Abstract

Live reckoning is the core of any good navigation system, providing continuous position updates among fixes. This position estimate is then used as a basis for evaluating the incoming navigation data. If a platform provides good odometry, then it would have even better live reckoning. If a robot is navigating from a global positioning system (GPS) and suddenly passes under a highway overpass, good odometry can keep it rolling until the GPS signal is restored or the vehicle receives some other kind of navigational data. The quality of a mobile platform's inherent odometry is dependent on the drive-system configuration. A robot will normally use two coordinate systems: one for global reference and one for local reference. The global reference system is concerned with where the robot is in its environment, and it has no inherent center.
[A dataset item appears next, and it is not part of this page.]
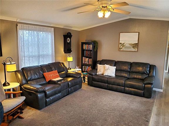 This charming single-wide provides a comfortable and cozy living space with three bedrooms and two full bathrooms.

For this reason, global systems are almost always Cartesian. The local reference system, on the other hand, is used to integrate data from sensors into the robot's sense of things. This process involves vector math and is inherently centered on the robot. For speeding up the calculations, it is necessary to know how fast the processor can perform these calculations. The two most common ways to increase the speed of such calculations are by adding a coprocessor or by using lookup tables for the geometric functions. Live reckoning is achieved when odometry begins interacting tightly with the other processes of navigation. The position estimates produced are used by sensor systems to orient the data that they are processing. These sensor systems may in turn correct one or more of the baseline position and heading estimates.